So it has always been, a movement between the edge and the data center. And what we're seeing today is levels of compute performance that you've never seen before. Tied in with levels of connectivity that we never seen before with satellite based communication systems being easily deployable along with 5G networks. So now I think it's it's all coming together and really seeing that tying into AI as an important part of that. But whether you look at that from, you know, an image rendering point of view or even perhaps a local connected back up system or data manipulation, a lot of that still happens at the edge and needs to be close to the consumers and the users that are using that level of compute, without necessarily bringing AI into it.

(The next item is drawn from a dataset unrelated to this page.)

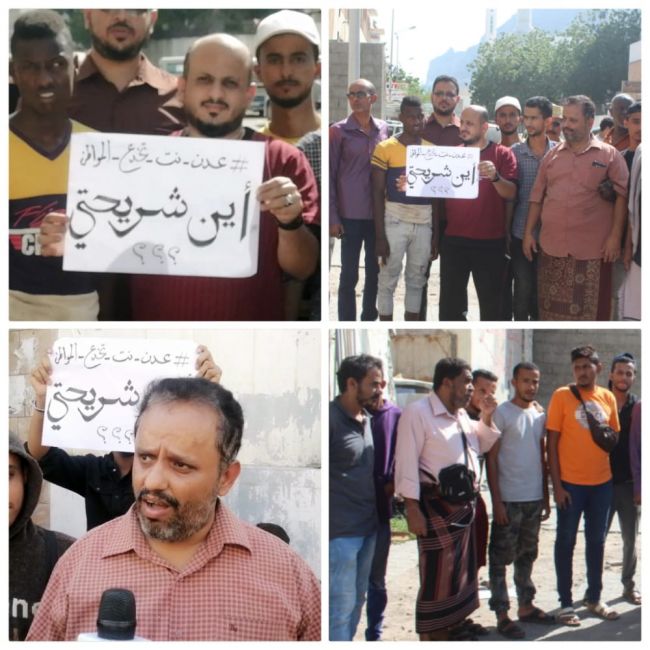 نظم عدد من المواطنين، صباح يوم اليرم الأربعاء، وقفة احتجاجية، أمام مقر شركة عدن نت ، بمديرية المعلا؛ للمطالبة بتوفير

So there are still two separate fields, but definitely they complement each other. Yeah. And Matt, you were you had some good examples before we, we started specifically around surveillance. I think it's a funny example, but it's a serious example, about breaking and entering. Can you give that example? Yeah.
So there's a there's a in terms of what AI is at the edge and how that affects the companies that we work with, the partners that we work with. So we do a lot with retail. We do a lot with QSR. I think maybe as a foundation level, it's important to just point out the difference of what can be done in the cloud and what can be done very efficiently at the edge. So for a retailer, if you look at what's. Start with the problem problem statement.
So what's affecting retailers today. And one of the things affecting retailers is getting labor. It's a real challenge at the opening your store. We have we have customers in the US who operate QSR who in 40% of their locations. The store itself is not open to sell burgers.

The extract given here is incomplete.